Arief dijatuhi sanksi etik berupa teguran lisan sebanyak dua kali oleh Dewan Etik MK. Sanksi pertama dijatuhkan pada 2016 karena memberikan katebelece kepada Jaksa Agung Muda Tindak Pidana Khusus Widyo Pramono terkait dengan seorang jaksa muda dari Trenggalek, Jawa Timur. Sanksi kedua pada 16 Januari 2018, Arief kembali mendapat sanksi karena bertemu pimpinan Komisi III DPR di sebuah hotel di Jakarta untuk membahas pencalonannya kembali sebagai hakim konstitusi.
Dua laporan lain juga diserahkan kepada Dewan Etik MK, yakni soal laporan harta kekayaan penyelenggara negara yang belum diserahkan kepada Komisi Pemberantasan Korupsi pada 2016 dan laporan pelanggaran etik oleh peneliti MK Abdul Ghoffar (31 Januari 2018), yang kini ditangani Dewan Etik MK.
Terbaru, elemen masyarakat sipil kembali melaporkan Arief. Kali ini, Arief diduga melanggar kode etik lantaran potongan percakapan dan pendapatnya di suatu grup media sosial Whatsapp yang substansinya dinilai mengomentari putusan MK Nomor 46/PUU-XIV/2016 tentang perluasan perzinaan.
Dekan Fakultas Hukum UGM Sigit Riyanto menilai hakim MK selaku pengawal hukum ketatanegaraan sekaligus peradaban Indonesia tidak selayaknya menyalahi norma hukum yang berlaku.
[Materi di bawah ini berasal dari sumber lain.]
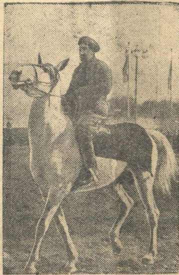
Показ лошадей на выводном круте животноводческого городка ВСХВ.

Всесоюзная сельскохозяйственная выставка 1941 года.

Hakim MK seharusnya mampu menegakkan nurani, nalar, dan kebudayaan.
“Melihat kondisi MK saat ini, kita sebagai warga negara Indonesia punyai pilihan untuk memebiarkan jalan ketatanegaraan kita menuju kehancuran, atau mengoreksinya dengan mendesak Ketua MK untuk segera mundur,” kata Sigit.
Sementara itu, Direktur Pusat Studi Hak Asasi Manusia UII, Eko Riyadi, menyatakaan desakan berbagai elemen masyarakat kepada Arief Hidayat untuk mundur dari jabatan sebagai Ketua MK muncul karena Arief mencoreng jabatan hakim konstitusi.
Syarat sebagai hakim konsitusi, lanjut dia, adalah terbebas dari perilaku tercela. “Sejumlah laporan pelanggaran etika yang Arief lakukan tidak mencerminkan sikap negarawan yang seharusnya dimiliki dan dijunjung tinggi oleh seorang Hakim Konstitusi,” ujar Eko.